If there ever was a man unsuited to be a leader and teacher of other men, it was this unctuous proclaimer of self-evident truths. Madonna was followed by a long series of historical novels (a still longer series came from the pen of Mundt's wife, who wrote under the pseudonym of Louise Mühlbach), and a considerable number of critical and historical writings. Amongst these latter one of the best is his Geschichte der Litteratur der Gegenwart ("History of Present Day Literature"), 1842, because in it he treats a subject with which he has a thorough acquaintance; but it, too, like all his other works, is formless, full of undigested material, and spoiled by would-be profundity. He reads, for instance, a special meaning into the fact that Hegel died of cholera. Hegel's system, he writes, was, like Casimir Périer's, a universally levelling juste-milieu system: hence he, like Casimir Périer, was fated to die of this universally levelling malady. It was a malady which must be regarded as the physical expression of the general anguish of the times. Troubled and restless, the body had attacked its own intestines, and was at last obliged to pay the penalty of its craving to know and understand itself, by performing the last possible process of self-examination, that of vomiting itself up.[5]

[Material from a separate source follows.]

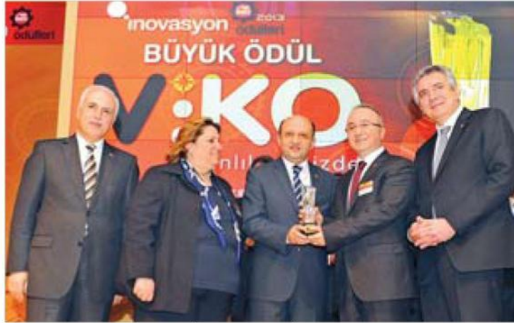
Istanbul Sanayi Odası'nın Inovasyon Ödülleri'nde Büyük Ödül'e Viko Elektrik Elektronik layık görüldü.

In a work entitled Das junge Deutschland, consisting for the most part of letters to the publisher, Feodor Wehl, the well-known theatrical manager, has endeavoured to give the reading world a more favourable idea of Mundt than that prevalent in our days; and he has succeeded in producing the impression that Mundt was a man with excellent intentions, many acquirements, and no small degree of enthusiasm in the causes that were sympathetic to him. He is not, and never will be considered, a great writer.